Nationstar Mortgage priced two servicer advanced receivable transactions at $300 million after analysts announced its special purpose vehicle Nationstar Agency Advance Funding Trust would offer an estimated $900 million in mortgage servicer advance receivable-backed notes.

Three series were outlined in the original announcement, with plans for each transaction to be backed by servicing fee advance receivables rather than mortgage payments.

Structured Credit Investor confirmed that the $300 million pricing announced on Monday, included $200 million for the Nationstar Agency Advance Funding Trust 2013-T1 series and $100 million for the 2013-T2 series.

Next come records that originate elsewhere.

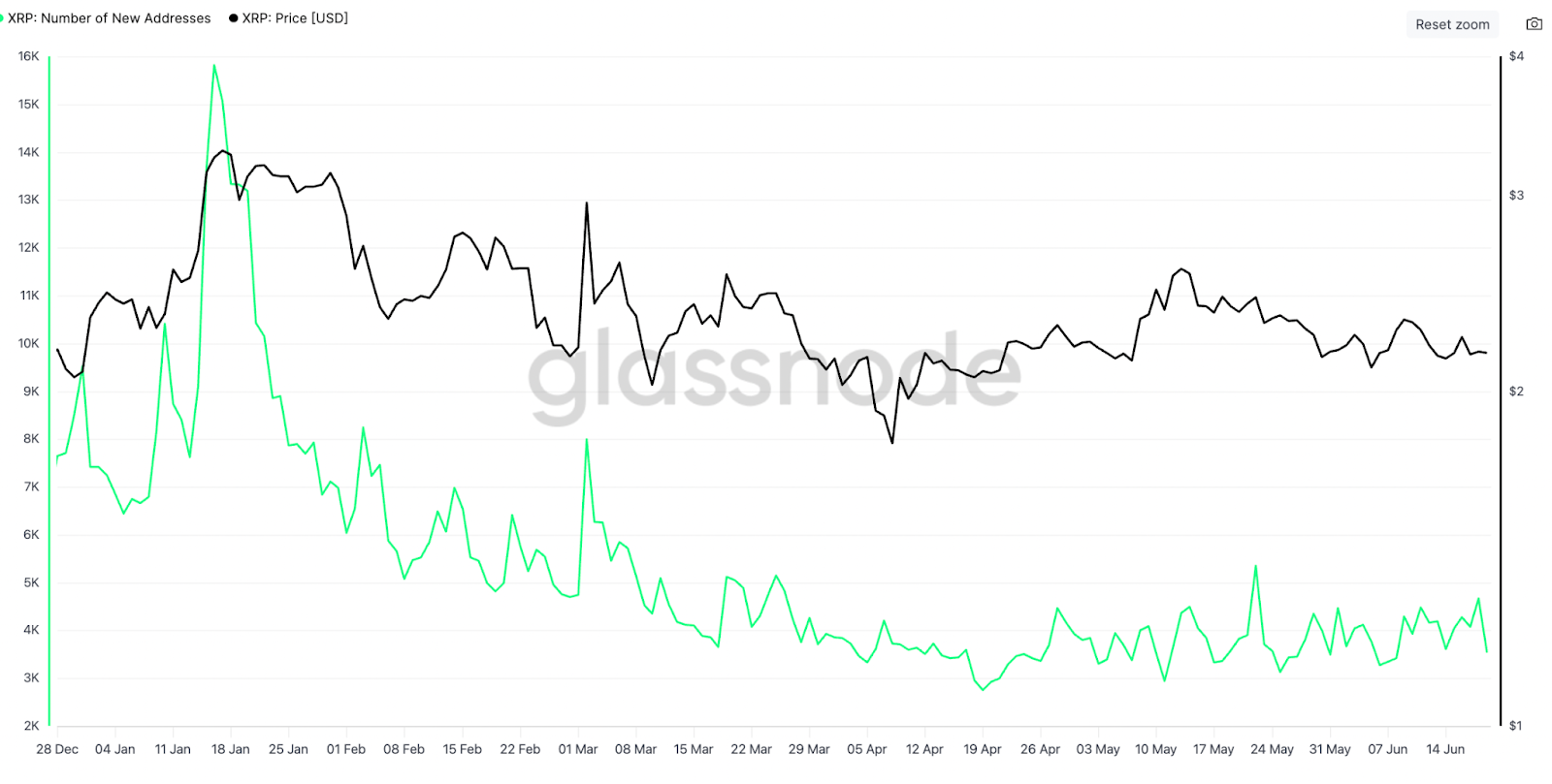 XRP Ledger sụt giảm đáng kể hoạt động mạng trong 6 tháng qua. Dữ liệu on-chain từ Glassnode cho thấy số lượng địa chỉ mới mỗi ngày trên mạng đã giảm mạnh so với đỉnh cao 15.823 địa chỉ vào ngày 16/1/2025. Vào thứ 5, chỉ có 3.500 địa chỉ mới được tạo ra.
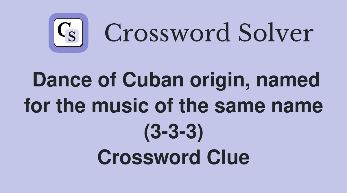 Dance of Cuban origin named for the music of the same name (3 3 3
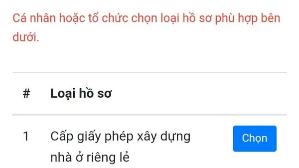 - Bước 3: Chọn loại hồ sơ theo nhu cầu của người nộp.
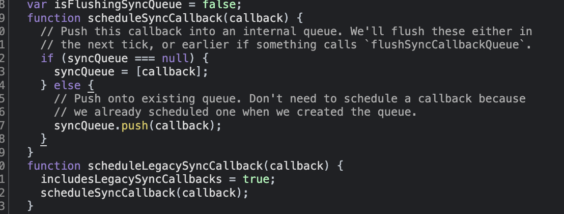 scheduleUpdateOnFiber는 동작이 조금 독특한데, 우선 실제로 React가 Fiber 단위로 렌더 작업을 수행하기 위한 엔트리포인트인 performSyncWorkOnRoot를 scheduleLegacySyncCallback이라는 함수를 통해 스케줄 합니다. 즉, 렌더링 작업은 performSyncWorkOnRoot가 호출되면서부터 시작되며, 이 함수를 호출하기 위한 스케줄링을 scheduleLegacySyncCallback을 통해 진행한다는 의미입니다. 바로 아래에 scheduleMicrotask와 flushSyncCallbacks 함수가 있음을 유의하면서 이 scheduleLegacySyncCallback 함수를 살펴보도록 하겠습니다.
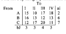Hindustan construction company needs 3, 3, 4 and 5 million cubic feet of full at four earthen dams-sites in Punjab. It can transfer the fill from three mounds A, B and C where 2, 6 and 7 million cubic feet of fill is available, cost of transporting one million cubic feet of fill from mounds to the four sites in lakhs are given in the table.
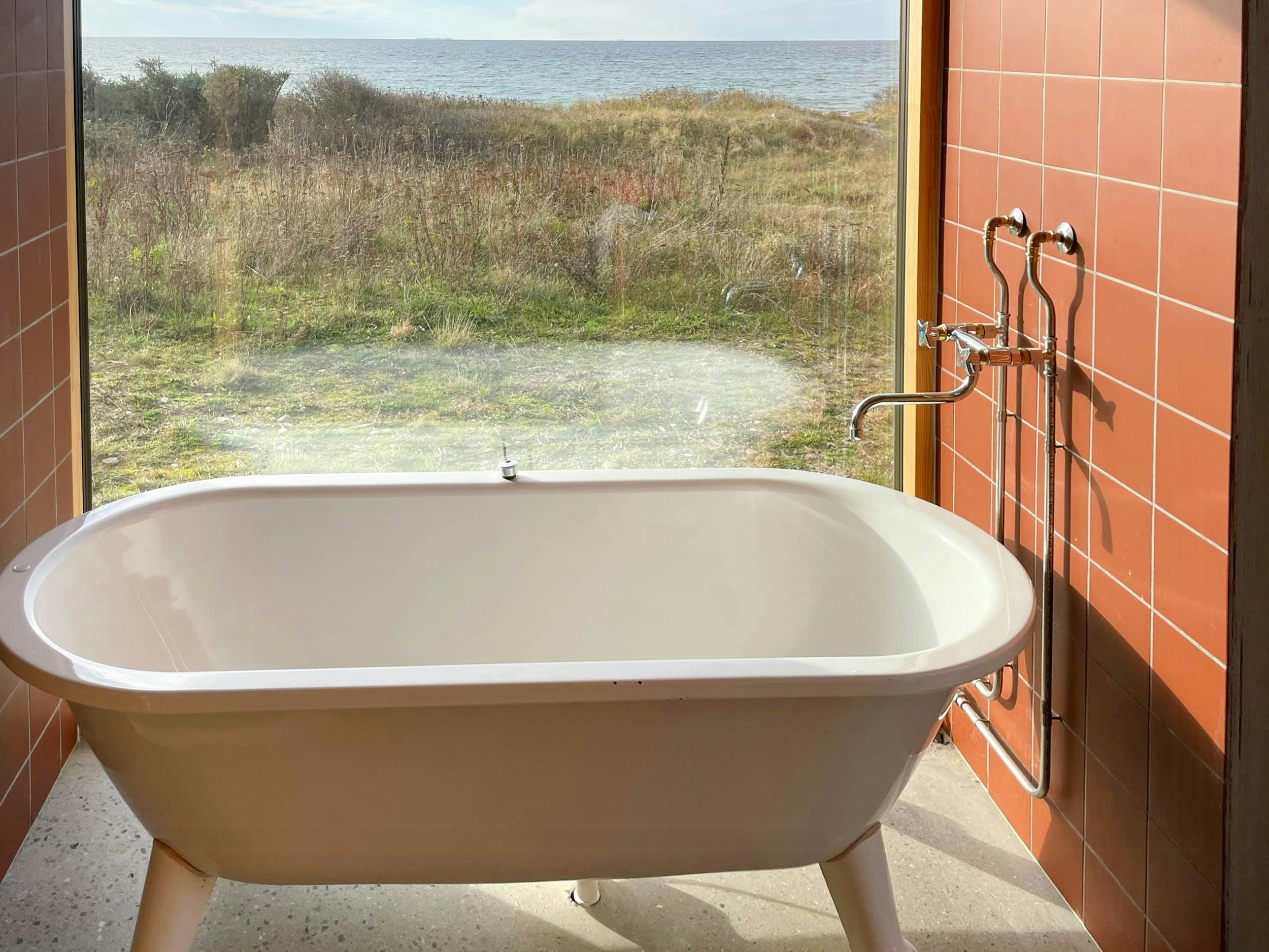- Slap af i badekarret med udsigt over vandet efter en dag ved kysten

A third securitization deal was announced in S&P’s initial projection of a $900 million offering, but as of Monday had not been officially priced. 

Advance Funding Trust’s note issuance is backed by servicing-fee advance receivables on Freddie-Mac backed home loans.

The Lewisville-based servicer said the issuance and sale is expected to close on Jan. 31, 2013. The notes feature a weighted average fixed-interest rate of 1.46% and a weighted average term of 3 years. 

The notes will replace $300 million in existing agency servicing advance facilities that carried a weighted average floating rate of Libor plus 2.86%, or 3.10% in total, resulting in a reduction in rate of 1.65%.

“I am pleased to announce the execution of the first ever Agency servicer advance securitization,” said Jay Bray, Nationstar’s CEO.  “This securitization further diversifies our funding sources, reduces our advance funding costs, and establishes a Nationstar precedent for financing our advances with fixed-rate term debt at a very opportune time in the rate cycle. We intend to access the ABS markets frequently as we execute on our stated goal to lower advance expenses  to drive further gains in servicing profitability.”